• [WHAT THE TASK REQUIRES]:
The listing below must be repeated word for word, without its pictures.

• [SOURCE DATA]:
━━━━━━
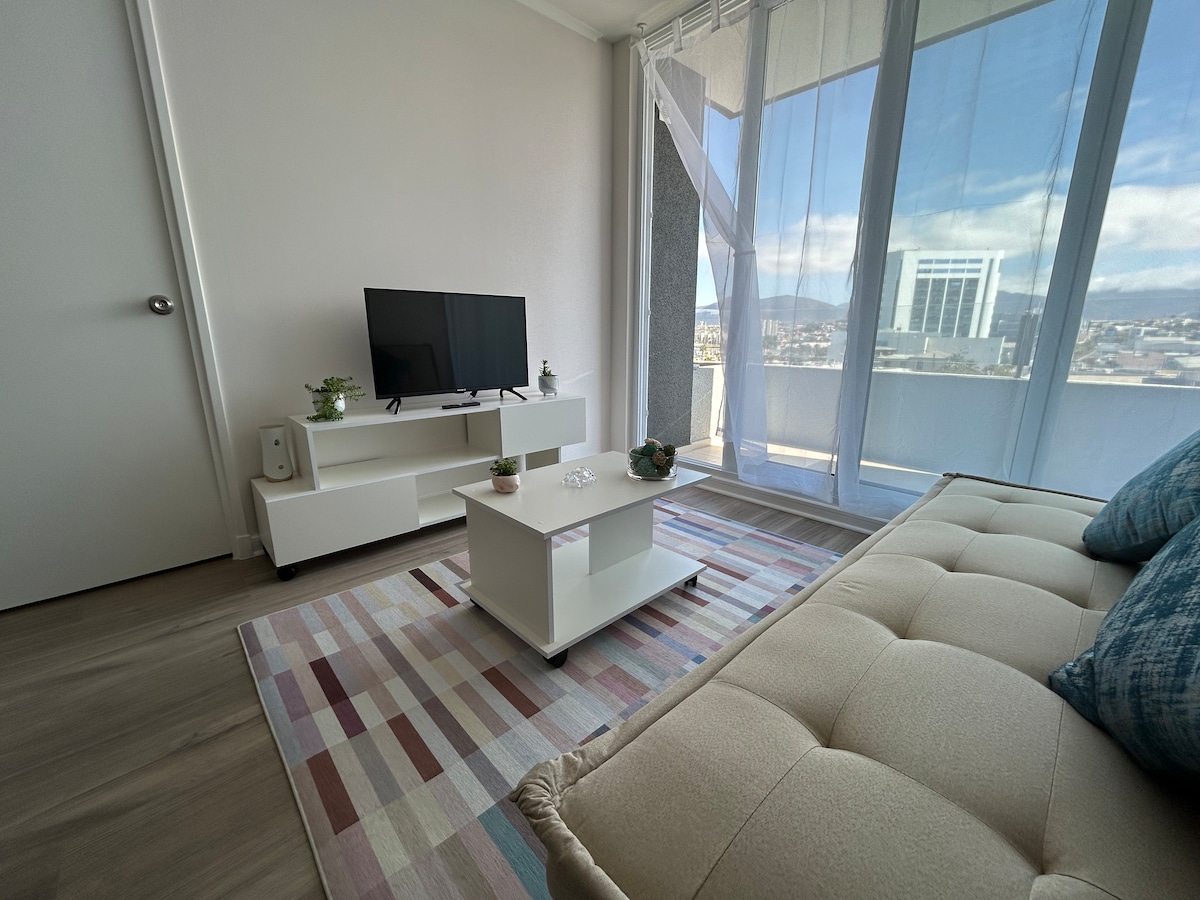 Exclusivo departamento, moderno, cómodo y seguro. Ideal para una grata estancia de viajeros de paso o escapada. Se encuentra en el piso 15° con una vista panorámica inigualable, amplio balcón. Estacionamiento al interior del recinto, Wifi, gimnasio, quincho, piscina. Lavandería (con tarjeta de prepago). A pasos de Hospital San Pablo, UCN, Estadio Francisco Sánchez Rumoroso, Mezquita.
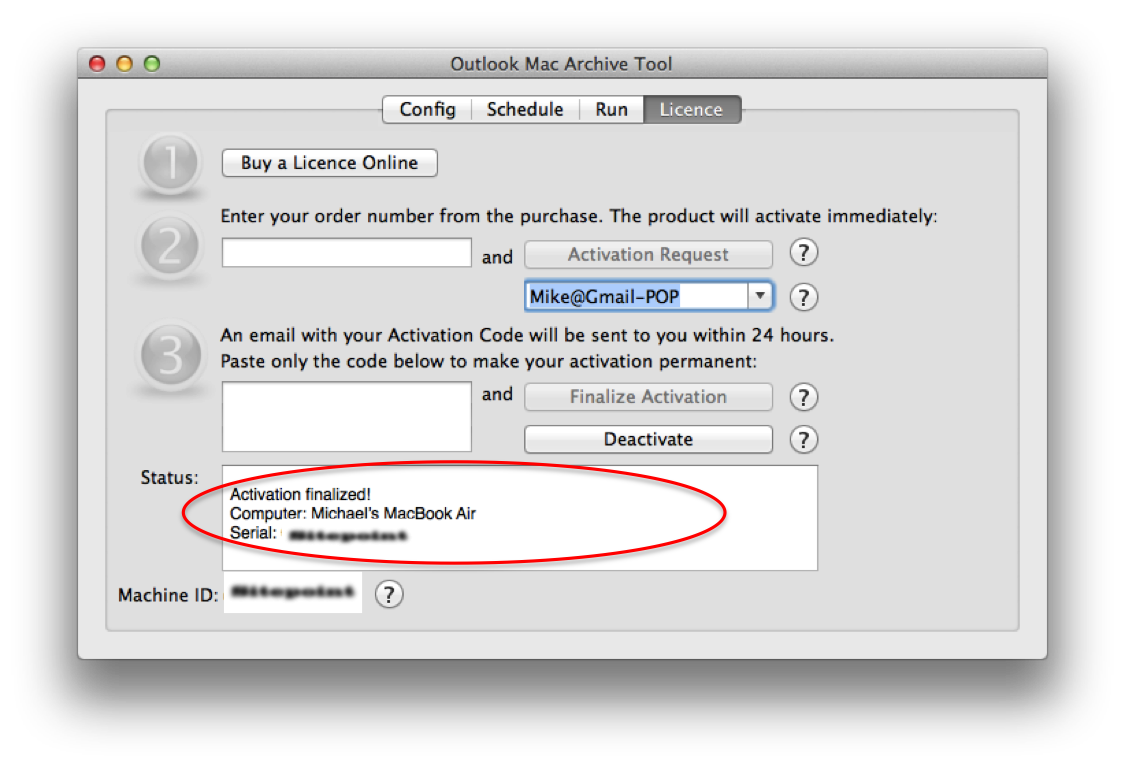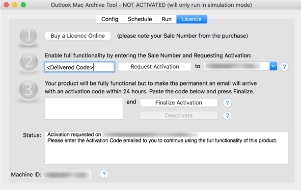 3) After requesting activation you will receive a licence key/activation code via email (within 24 hours). Once the key arrives enter it into the Outlook Mac Archive Tool application on the ‘Licence’ tab (Step 3) and press the ‘Finalize Activation’ button.
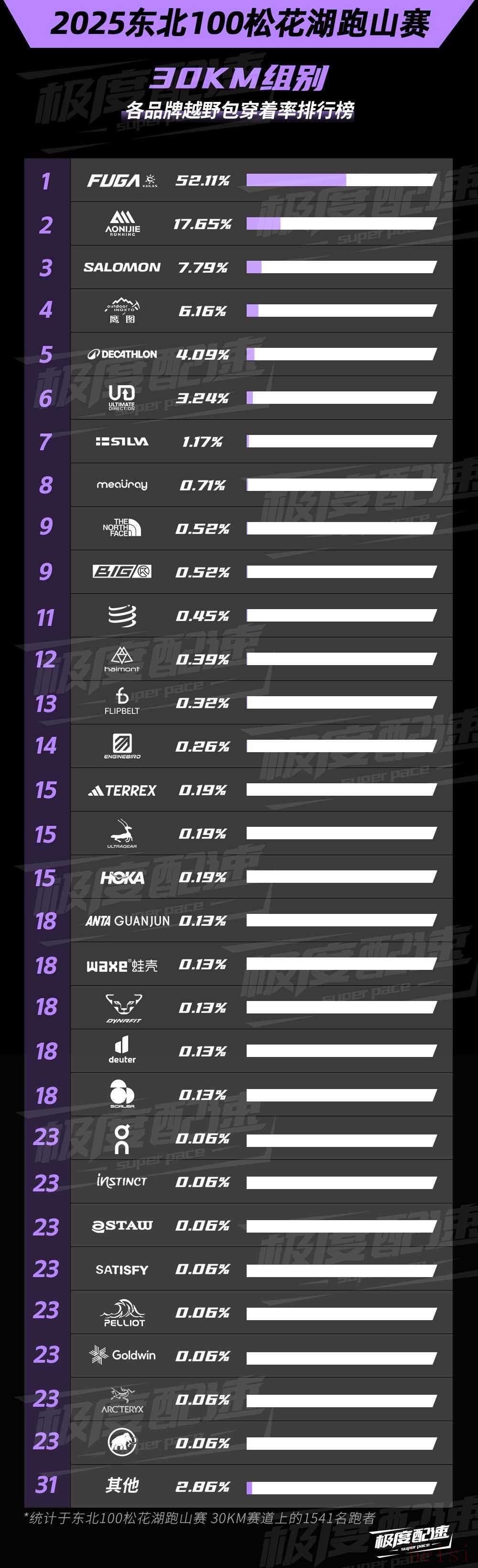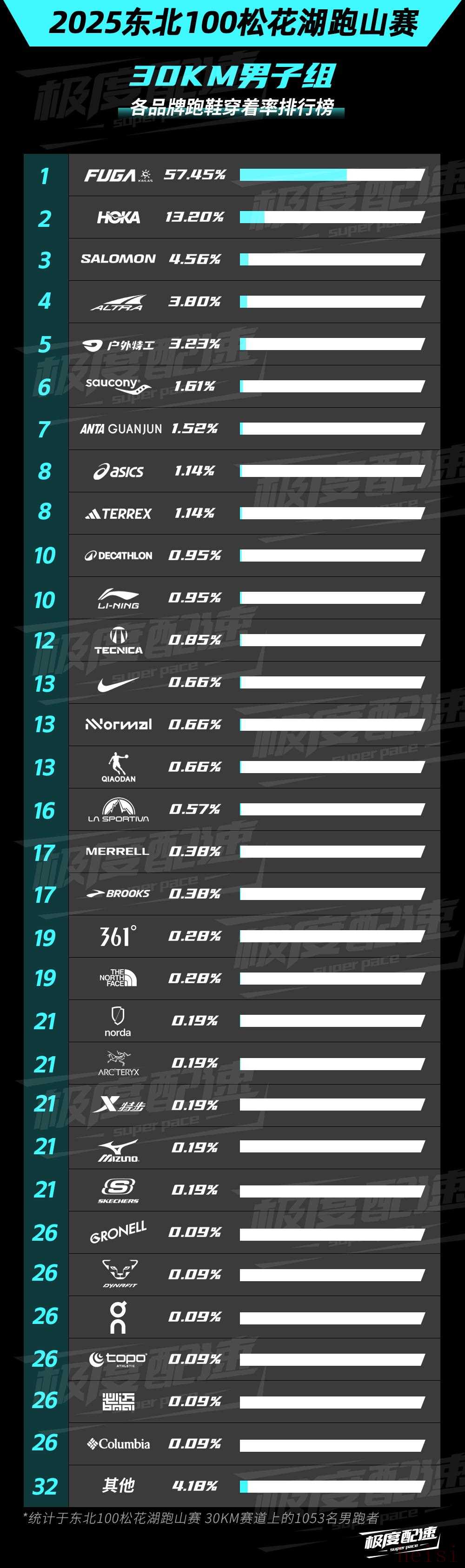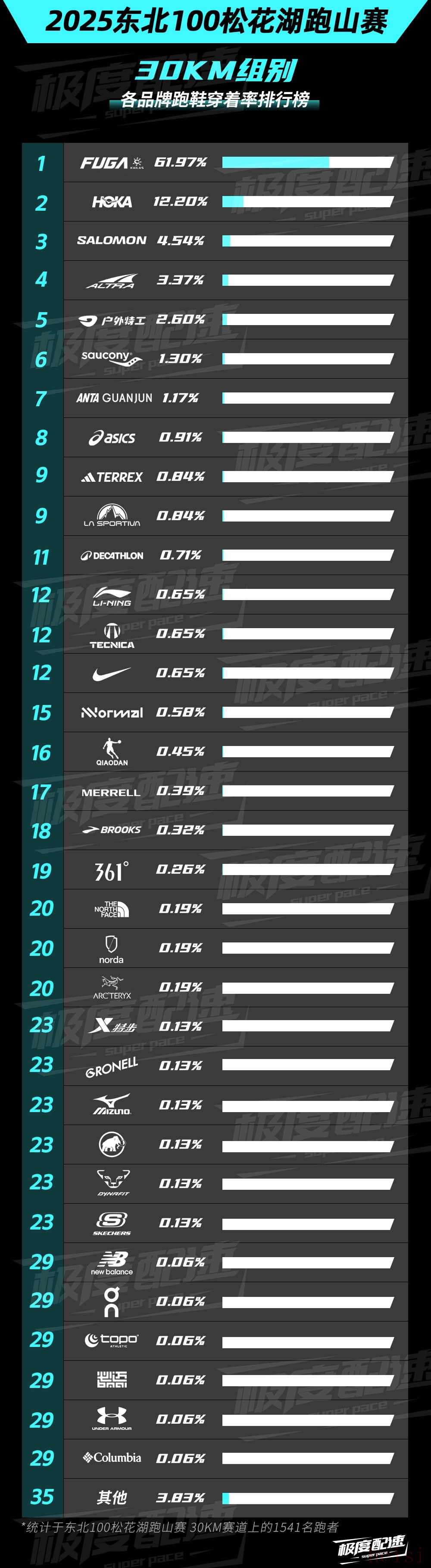 進入30KM組別,戶外特工奪回了安踏冠軍在上個組別中丟掉的位置,與全局前5名的占比相呼應。但占比超過10%的品牌依然只有凱樂石FUGA和HOKA,前者占比為61.97%后者為12.20%。
━━━━━━
• [WRITTEN SOLUTION]:
 Exclusivo departamento, moderno, cómodo y seguro. Ideal para una grata estancia de viajeros de paso o escapada. Se encuentra en el piso 15° con una vista panorámica inigualable, amplio balcón. Estacionamiento al interior del recinto, Wifi, gimnasio, quincho, piscina. Lavandería (con tarjeta de prepago). A pasos de Hospital San Pablo, UCN, Estadio Francisco Sánchez Rumoroso, Mezquita.
 3) After requesting activation you will receive a licence key/activation code via email (within 24 hours). Once the key arrives enter it into the Outlook Mac Archive Tool application on the ‘Licence’ tab (Step 3) and press the ‘Finalize Activation’ button.
 進入30KM組別,戶外特工奪回了安踏冠軍在上個組別中丟掉的位置,與全局前5名的占比相呼應。但占比超過10%的品牌依然只有凱樂石FUGA和HOKA,前者占比為61.97%后者為12.20%。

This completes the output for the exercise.